### HOW TO COMPLETE THIS TASK
Return the data word for word. Pictures are to be omitted.

### AVAILABLE DATA
= = =
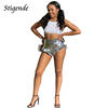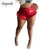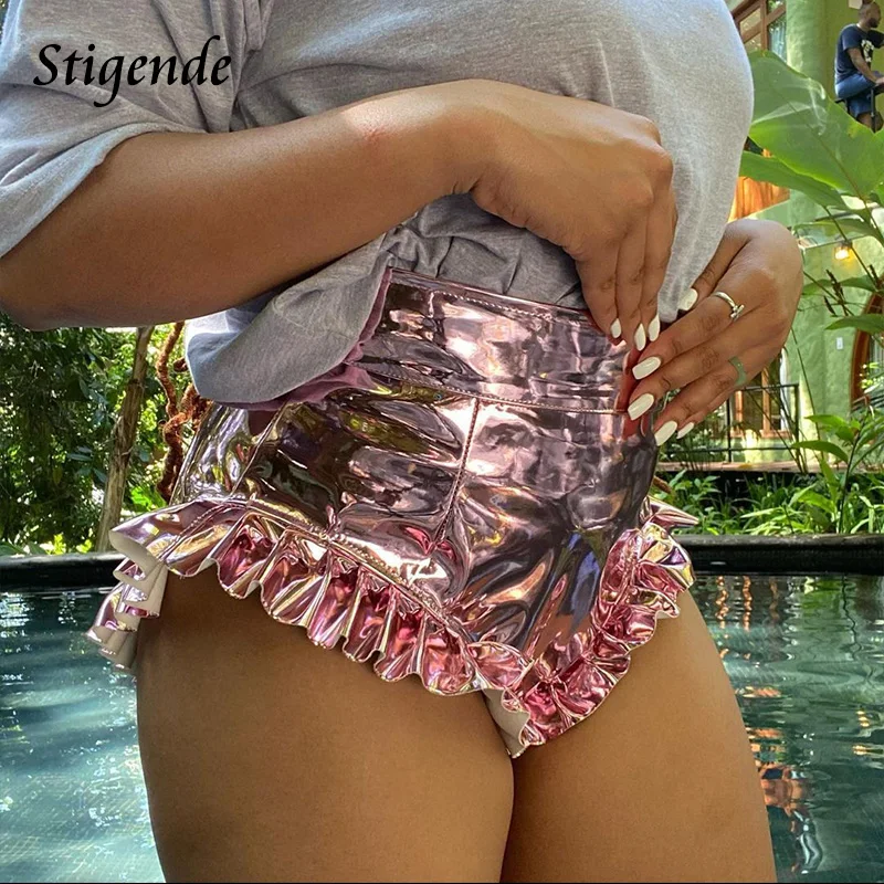 Stigende Women Sexy Glitter Ruched Frill Shorts Party Night Club Wear Fashion Shiny Shorts Summer Shining Bling Stacked Shorts
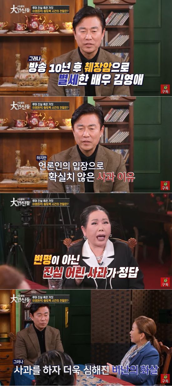 이영돈은 "그게 문제가 아니었다. (故 김영애가) 방송 10년 후에 (췌장암으로) 돌아가셨다. 이 부분에 적절히 사과하긴 했다. 그런데 팩트를 가지고 방송한 사람의 입장에서 뭐 때문에 사과해야 하는지 불분명했다. 또 뭘 사과를 하냐며 비난이 심해졌다. 만약 그때로 돌아가면 방송하지 말라고 했을 거다"라고 토로했다.
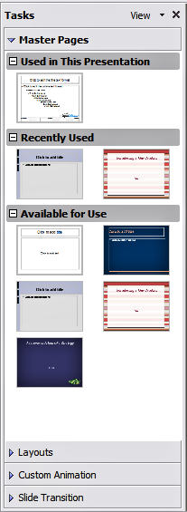 the Tasks Pane, be sure the Master Pages section is showing (Figure 19).
= = =
### SOLUTION
 Stigende Women Sexy Glitter Ruched Frill Shorts Party Night Club Wear Fashion Shiny Shorts Summer Shining Bling Stacked Shorts
 이영돈은 "그게 문제가 아니었다. (故 김영애가) 방송 10년 후에 (췌장암으로) 돌아가셨다. 이 부분에 적절히 사과하긴 했다. 그런데 팩트를 가지고 방송한 사람의 입장에서 뭐 때문에 사과해야 하는지 불분명했다. 또 뭘 사과를 하냐며 비난이 심해졌다. 만약 그때로 돌아가면 방송하지 말라고 했을 거다"라고 토로했다.
 the Tasks Pane, be sure the Master Pages section is showing (Figure 19).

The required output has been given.